● Task objective: Would you retype the listing below word for word, without any of its pictures?

● Available data:
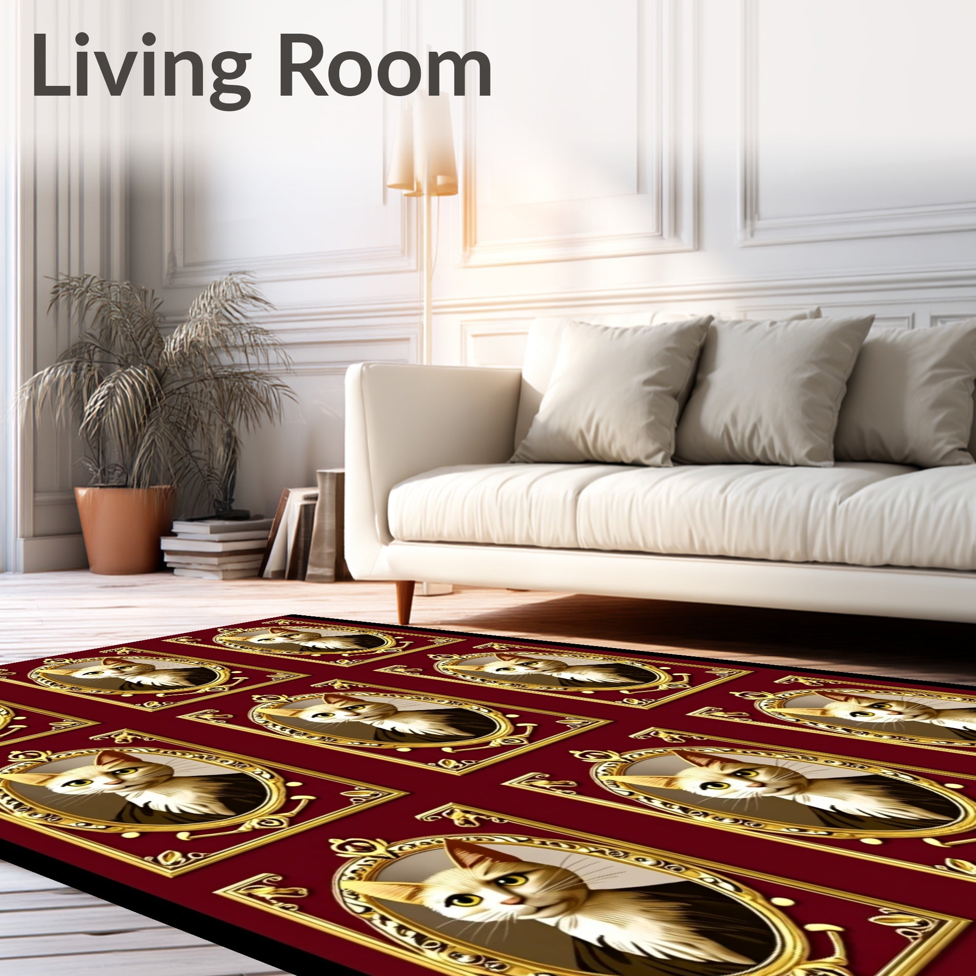 Ultra Soft Area Rug, Non Slip, Stain Resistant, Washable Area Rugs for Living Room, Bedroom, Vintage Cat Cameo Enhanced with Glowing Perimeter LED Strips(Red) Overview:
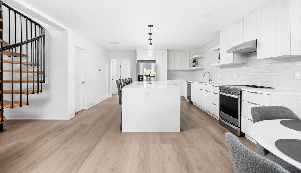 The renovation included replacing a narrow staircase with a sculptural spiral staircase to help maximize floor space,
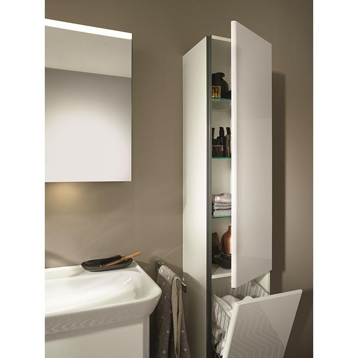 Пенал 1760х320х350 мм.1 дверь,петли права, 1 ящик для белья, 3 полки стекл, 1 полка несъемная,цвет F2833 белый высокогл.ручка G0161

● Solution:
 Ultra Soft Area Rug, Non Slip, Stain Resistant, Washable Area Rugs for Living Room, Bedroom, Vintage Cat Cameo Enhanced with Glowing Perimeter LED Strips(Red) Overview:
 The renovation included replacing a narrow staircase with a sculptural spiral staircase to help maximize floor space,
 Пенал 1760х320х350 мм.1 дверь,петли права, 1 ящик для белья, 3 полки стекл, 1 полка несъемная,цвет F2833 белый высокогл.ручка G0161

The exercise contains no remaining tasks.